Personally I love the M3 but feel the 330 is the perfect car for me which is why I went with a nother one.

The only thin I am not crazy about with my 330 is when i enter a turn and am in 2nd gear in my step, I wish the car pulled more in the lower rpm range . . . I am hoping the manual I am getting will change this


----------



## Lori (Sep 21, 2002)

Isn't waiting what ordering a BMW is all about? I don't know but it just seems like the M3 is so awsome why not go for it? I know it is alot of car but so are Corvettes and Roush Mustangs I used to own a Corvette and I considered a Roush Mustang but they don't have the style or the solid, well built feeling of the M3. When I drove an M3 I was amazed at the power at my disposal. Not that I would use it (all the power) very often I would like to drive it on a track though. The handling also felt superior to the 330ci albeit a bit rougher but hey, it's a sport car right? And I really like the way the M3 just takes off when you want it to. Does the 330ci give you that feeling without any mods?


----------



## AF (Dec 21, 2001)

The 330 is a quick car with a very good torquey engine which I find to be VERY important . . . the handling is incredible and I have never gotten to the point where I have reached the limit. 

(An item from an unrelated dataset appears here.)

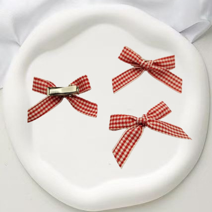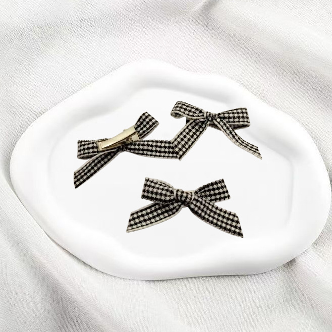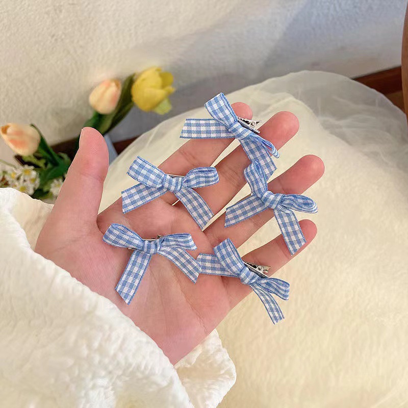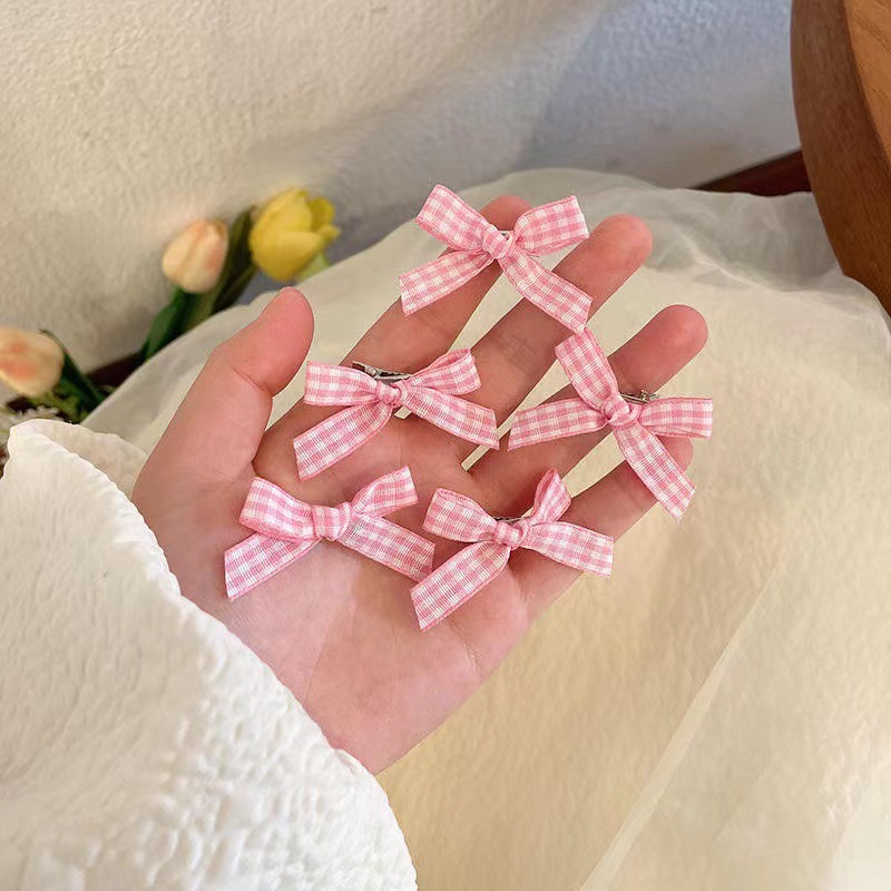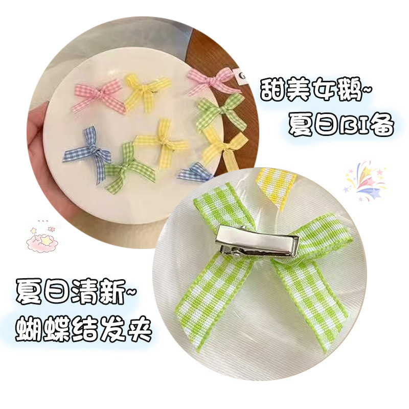 격자 무늬 활 작은 머리핀 소녀의 신선한 여름 새로운 사이드 클립 한국식 스몰 사이즈 덕빌 클립 헤드웨어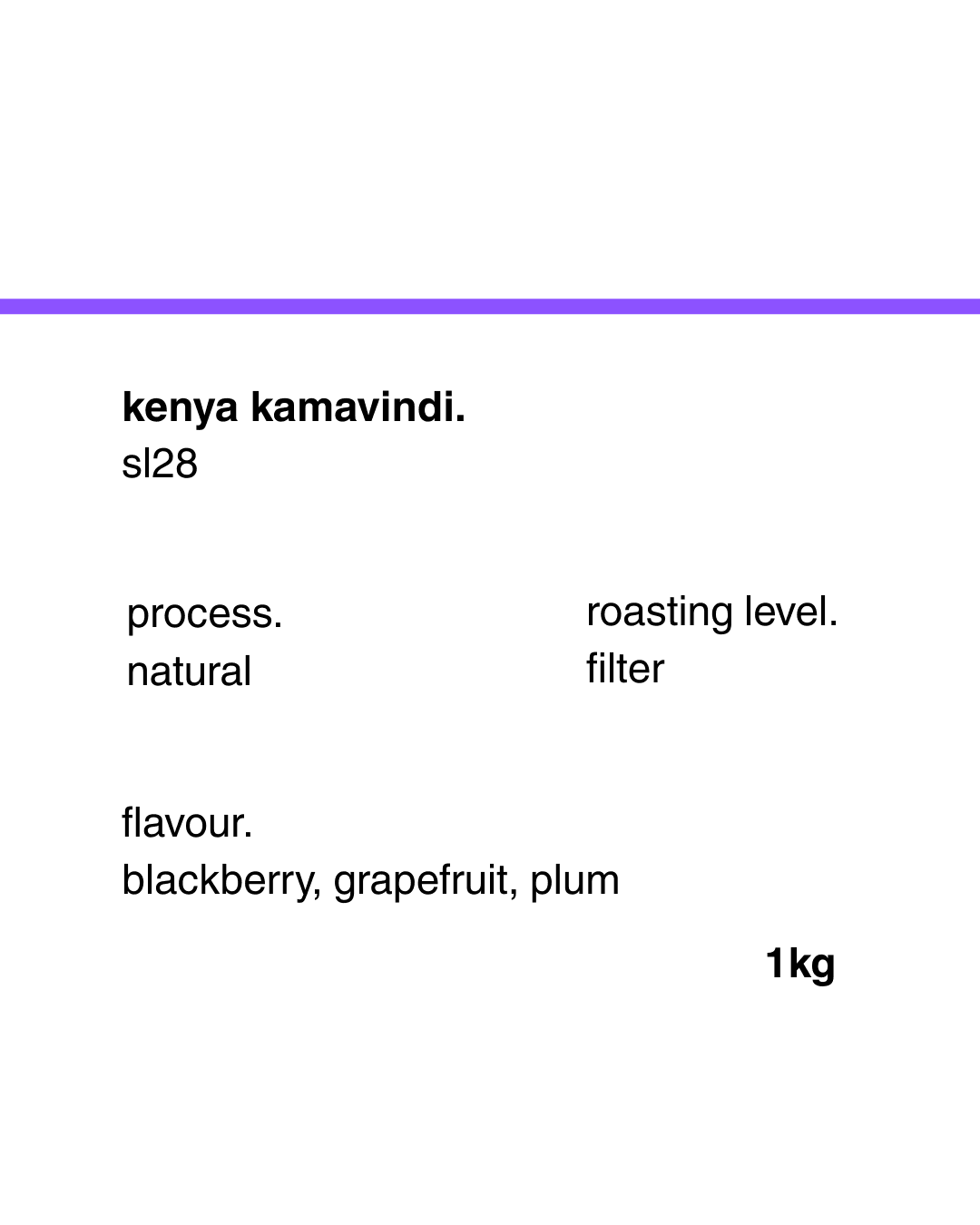 Vivid and fruit-driven. From Peter Mbature’s Kamavindi estate in Embu County, this rare natural-processed Kenyan showcases a more opulent expression of the classic SL varieties. Juicy blackberry and ripe plum lead the cup, lifted by candied grapefruit acidity and finishing with a long sweetness reminiscent of rooibos tea. Complex, vibrant, and lingering.

I live in an area that has a lot of windy & twisty roads with a 30 mph zone but you could easily go 50-60 and really get into it with your car. The curves are excellent and when I get out of my car afterwards it is very exhilarating. I literally have a Smile on my face that doesn't go awy for quite a while (they don't call me donny for nothing  ).

I really find that the 330 is fast, handles incredibly and is the perfect car for me. I've had Corvette's and I loved the power but like I've said in some past threads that the fun was over way too fast with them. I would floor it and be past legal speeds in 5 seconds and then the fun was over. It was like I could never really USE the power because it was too fast.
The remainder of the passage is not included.